Last updated: October 22, 2024

End user license agreement, Maintenance agreement, and Support agreement regarding software products developed or marketed by Holygon.

This Holygon Master Software Subscription Agreement (together with the Order referred to as the “Agreement”) constitutes a binding legal agreement between the End User or Customer (the “Licensee”) specified on the applicable ordering document, invoice, or accepted quote (the “Order”) and Holygon AB (“Holygon”), a Swedish company with European Union Company registry number SE559239532001 and head office post address at Dalbyvägen 5, 22460, Lund, Sweden (each a “Party” and collectively, the “Parties”) with regard to:

(i) Licensee use of the proprietary software defined in the Order with this Agreement, (ii) any updates provided by Holygon to Licensee (collectively, the “Software”), (iii) any standard installation materials, specifications, and system documentation relating to the Software made available by Holygon to Licensee (“Documentation”), and (iv) the provision of maintenance, support and other related services by Holygon.

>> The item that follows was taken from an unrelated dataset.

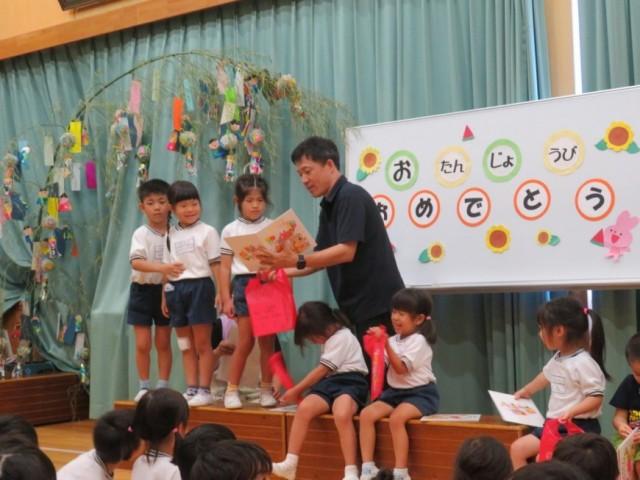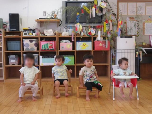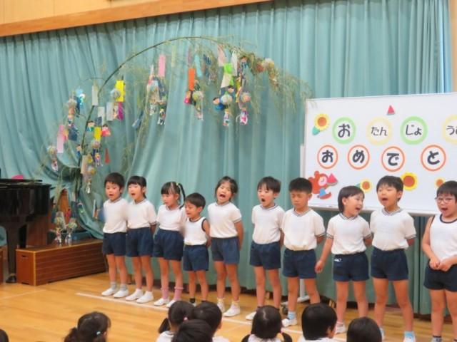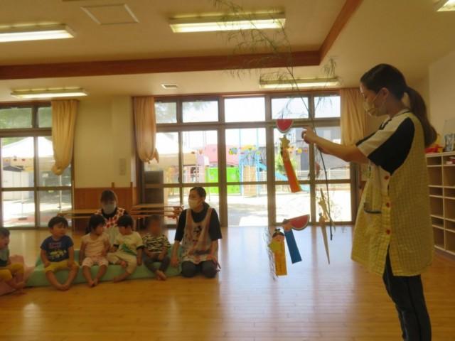 保育室は笹飾りで彩られ、誕生会と七夕会が始まりました。7月生まれのお友だちはインタビューで願い事も教えてくれました。

By accepting and signing the Order in connection with licensing the Software and purchase of related services, or by using the software, Licensee accepts the terms and conditions of this Agreement. Natural persons who have entered into this Agreement represents and warrants that the execution, delivery, and performance of the Order and this Agreement on the Licensees behalf has been duly authorized by the Licensee.

Order
To the extent that Licensee or an employee of Licensee is accessing the Software through a license granted to its organization or employer, or is accessing the Software as an individual user, the use of the Software is subject to the terms and conditions of this Agreement, order form or document, accepted quote, or other applicable written agreement between such organization or individual and Holygon, including without limitation the applicable number of licensed users and Software Subscription Fees. In the event of any conflict between the terms of this Master Software Subscription Agreement and the Order, the terms and conditions of the Order shall prevail.

General Software License
Holygon owns the title, copyright, and any other intellectual property rights in the Software. The Software is licensed, not sold. Subject to compliance with all of the terms and conditions of this Agreement and payment of Software Subscription Fees set forth in the Order, Holygon hereby grants to Licensee, a non-transferable, non-exclusive license to use the Software during the Term (a) in object code form for internal use within its business, (b) in accordance with any licensed client, volume and/or other limitations set forth in the Order for the Software prepared for Licensee by Holygon or an authorized Holygon reseller or distributor (“Reseller”), and (c) in accordance with the associated Documentation. 

Software Trial
The software may offer a Trial mode. Trials are intended only for users new to the Software, and only for the purpose of helping new users evaluate and get acquainted with the Software’s features, in order to make an informed choice of whether or not to order the software. Trials do not allow any commercial purpose or use.

Commercial Use
To employ Holygon Software for any commercial purpose, the licensee is required to use a Software Edition which is explicitly marked “For Commercial Use” or some equivalent such wording. The entitlement to commercial use is clearly marked at the Software point of sale. Some Software Editions will entitle the licensee to use the Software commercially purposes, other Editions forbid such use. Commercial purpose shall be taken to include any use by anyone working in or on behalf of a company, corporation, sole proprietorship, non-profit, foundation, government, government agency, municipality, university, school or any other organization, whether itself for-profit or not. Any purpose shall be regarded as commercial, unless it is strictly for personal recreation.

Beta Version
The software may be offered in Beta version. A Beta version implies that several features may still be missing, may not work as intended, or be subject to change. The Software is offered on an as-is basis. To help remedy issues encountered, the Licensee is encouraged to contact Holygon Support.

Backup
Licensee may make a copy of the Software for safekeeping or “backup” purposes, provided all original proprietary notices are retained on any such copy. This License is for Licensee’s internal use only; Licensee may not assign the license to any third party for any reason whatsoever.

Modification
The Licensee may not modify or create derivative works based upon the Software. Except to the extent expressly permitted by applicable law, and to the extent that Holygon is not permitted by applicable law to exclude or limit the following rights, the Licensee may not decompile, disassemble, reverse engineer or otherwise attempt to derive source code from the Software, in whole or in part. For clarification, Licensee shall be responsible for any of its employees or representative who is assigned to use the Software under this Agreement.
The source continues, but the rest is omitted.